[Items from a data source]
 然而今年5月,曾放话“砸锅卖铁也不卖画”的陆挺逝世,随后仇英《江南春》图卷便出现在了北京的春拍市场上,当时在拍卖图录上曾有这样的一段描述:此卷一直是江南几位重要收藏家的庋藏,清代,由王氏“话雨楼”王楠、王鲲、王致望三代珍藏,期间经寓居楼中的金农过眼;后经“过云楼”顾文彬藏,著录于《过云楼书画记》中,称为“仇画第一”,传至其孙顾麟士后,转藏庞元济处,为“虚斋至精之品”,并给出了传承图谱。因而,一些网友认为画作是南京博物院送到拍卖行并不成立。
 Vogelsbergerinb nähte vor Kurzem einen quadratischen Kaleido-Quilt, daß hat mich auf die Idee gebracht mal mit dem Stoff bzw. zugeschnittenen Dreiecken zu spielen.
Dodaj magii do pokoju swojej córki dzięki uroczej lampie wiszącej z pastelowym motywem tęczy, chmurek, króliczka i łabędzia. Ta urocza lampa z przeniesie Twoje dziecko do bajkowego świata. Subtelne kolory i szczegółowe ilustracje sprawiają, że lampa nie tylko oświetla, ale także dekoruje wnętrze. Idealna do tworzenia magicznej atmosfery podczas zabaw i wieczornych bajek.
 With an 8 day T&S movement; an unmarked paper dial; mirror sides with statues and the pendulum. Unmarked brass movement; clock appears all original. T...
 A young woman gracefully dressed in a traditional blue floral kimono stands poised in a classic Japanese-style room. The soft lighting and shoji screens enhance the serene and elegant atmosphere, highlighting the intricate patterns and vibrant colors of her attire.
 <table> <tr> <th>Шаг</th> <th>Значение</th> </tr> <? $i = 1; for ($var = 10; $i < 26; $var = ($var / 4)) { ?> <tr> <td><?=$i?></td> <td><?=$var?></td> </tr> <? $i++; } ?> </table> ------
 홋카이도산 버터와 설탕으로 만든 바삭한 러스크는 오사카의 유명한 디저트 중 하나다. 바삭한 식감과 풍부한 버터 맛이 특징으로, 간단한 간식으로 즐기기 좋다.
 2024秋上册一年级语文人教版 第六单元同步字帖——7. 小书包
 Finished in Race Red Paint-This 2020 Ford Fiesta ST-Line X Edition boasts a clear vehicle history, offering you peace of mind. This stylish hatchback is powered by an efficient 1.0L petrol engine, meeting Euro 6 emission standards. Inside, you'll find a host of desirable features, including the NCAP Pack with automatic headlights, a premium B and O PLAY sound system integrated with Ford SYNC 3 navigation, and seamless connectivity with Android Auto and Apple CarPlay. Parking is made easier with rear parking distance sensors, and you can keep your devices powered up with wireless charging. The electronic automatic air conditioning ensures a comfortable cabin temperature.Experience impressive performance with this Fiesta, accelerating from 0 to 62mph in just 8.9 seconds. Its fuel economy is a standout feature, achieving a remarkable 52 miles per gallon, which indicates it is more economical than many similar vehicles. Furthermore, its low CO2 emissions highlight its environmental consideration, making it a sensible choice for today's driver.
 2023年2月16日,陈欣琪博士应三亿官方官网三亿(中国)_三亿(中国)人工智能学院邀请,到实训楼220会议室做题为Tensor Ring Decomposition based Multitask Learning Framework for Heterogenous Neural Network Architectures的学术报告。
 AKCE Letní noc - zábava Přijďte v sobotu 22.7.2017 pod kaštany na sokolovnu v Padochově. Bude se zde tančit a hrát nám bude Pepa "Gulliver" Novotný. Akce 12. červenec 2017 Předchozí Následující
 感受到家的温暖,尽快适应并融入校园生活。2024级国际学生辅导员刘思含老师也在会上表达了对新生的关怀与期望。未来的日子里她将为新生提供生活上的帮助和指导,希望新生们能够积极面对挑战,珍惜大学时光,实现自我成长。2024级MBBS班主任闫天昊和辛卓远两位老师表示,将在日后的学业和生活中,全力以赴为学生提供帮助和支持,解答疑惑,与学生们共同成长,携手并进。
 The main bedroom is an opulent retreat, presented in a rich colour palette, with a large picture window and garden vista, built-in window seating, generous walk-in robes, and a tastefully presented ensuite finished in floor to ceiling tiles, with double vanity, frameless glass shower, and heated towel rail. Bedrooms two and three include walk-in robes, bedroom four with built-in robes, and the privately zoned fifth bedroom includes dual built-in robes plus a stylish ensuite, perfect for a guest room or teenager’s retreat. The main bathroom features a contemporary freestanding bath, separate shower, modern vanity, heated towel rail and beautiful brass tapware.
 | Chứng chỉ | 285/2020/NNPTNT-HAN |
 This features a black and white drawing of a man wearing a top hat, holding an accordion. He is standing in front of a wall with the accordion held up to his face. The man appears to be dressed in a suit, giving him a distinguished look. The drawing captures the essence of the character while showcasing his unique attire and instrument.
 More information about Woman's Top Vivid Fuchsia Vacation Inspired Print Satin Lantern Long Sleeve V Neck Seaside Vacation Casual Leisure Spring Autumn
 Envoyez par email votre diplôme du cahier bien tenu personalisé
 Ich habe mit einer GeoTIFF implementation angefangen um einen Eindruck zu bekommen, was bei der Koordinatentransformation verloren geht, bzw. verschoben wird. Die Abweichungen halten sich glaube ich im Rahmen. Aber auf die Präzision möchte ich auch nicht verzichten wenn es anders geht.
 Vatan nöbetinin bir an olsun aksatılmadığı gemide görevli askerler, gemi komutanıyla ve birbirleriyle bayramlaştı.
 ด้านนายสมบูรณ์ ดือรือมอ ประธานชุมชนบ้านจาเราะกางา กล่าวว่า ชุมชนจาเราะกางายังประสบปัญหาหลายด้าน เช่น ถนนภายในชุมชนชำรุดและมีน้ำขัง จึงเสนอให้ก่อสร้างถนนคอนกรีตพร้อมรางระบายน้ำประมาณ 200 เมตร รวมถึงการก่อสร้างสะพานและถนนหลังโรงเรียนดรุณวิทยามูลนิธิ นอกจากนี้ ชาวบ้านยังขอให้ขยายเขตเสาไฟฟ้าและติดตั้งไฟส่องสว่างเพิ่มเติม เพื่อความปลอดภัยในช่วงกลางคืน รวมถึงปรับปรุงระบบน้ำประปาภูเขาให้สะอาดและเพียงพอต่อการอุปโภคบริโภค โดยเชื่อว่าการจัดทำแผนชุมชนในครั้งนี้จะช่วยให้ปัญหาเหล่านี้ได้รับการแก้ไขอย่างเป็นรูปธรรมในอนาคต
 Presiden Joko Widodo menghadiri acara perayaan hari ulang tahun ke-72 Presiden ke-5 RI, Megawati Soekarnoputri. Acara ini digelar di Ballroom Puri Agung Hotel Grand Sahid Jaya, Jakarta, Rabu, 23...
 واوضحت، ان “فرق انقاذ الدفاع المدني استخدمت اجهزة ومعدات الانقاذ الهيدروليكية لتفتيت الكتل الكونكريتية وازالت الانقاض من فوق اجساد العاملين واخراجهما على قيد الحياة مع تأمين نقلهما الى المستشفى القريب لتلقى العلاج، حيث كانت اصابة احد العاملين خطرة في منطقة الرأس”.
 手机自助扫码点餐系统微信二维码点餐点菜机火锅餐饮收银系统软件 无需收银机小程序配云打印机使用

Task objective | In the lines above, locate the string "einen". Copy every line where it occurs.

Solution to the problem |
 Vogelsbergerinb nähte vor Kurzem einen quadratischen Kaleido-Quilt, daß hat mich auf die Idee gebracht mal mit dem Stoff bzw. zugeschnittenen Dreiecken zu spielen.
 Ich habe mit einer GeoTIFF implementation angefangen um einen Eindruck zu bekommen, was bei der Koordinatentransformation verloren geht, bzw. verschoben wird. Die Abweichungen halten sich glaube ich im Rahmen. Aber auf die Präzision möchte ich auch nicht verzichten wenn es anders geht.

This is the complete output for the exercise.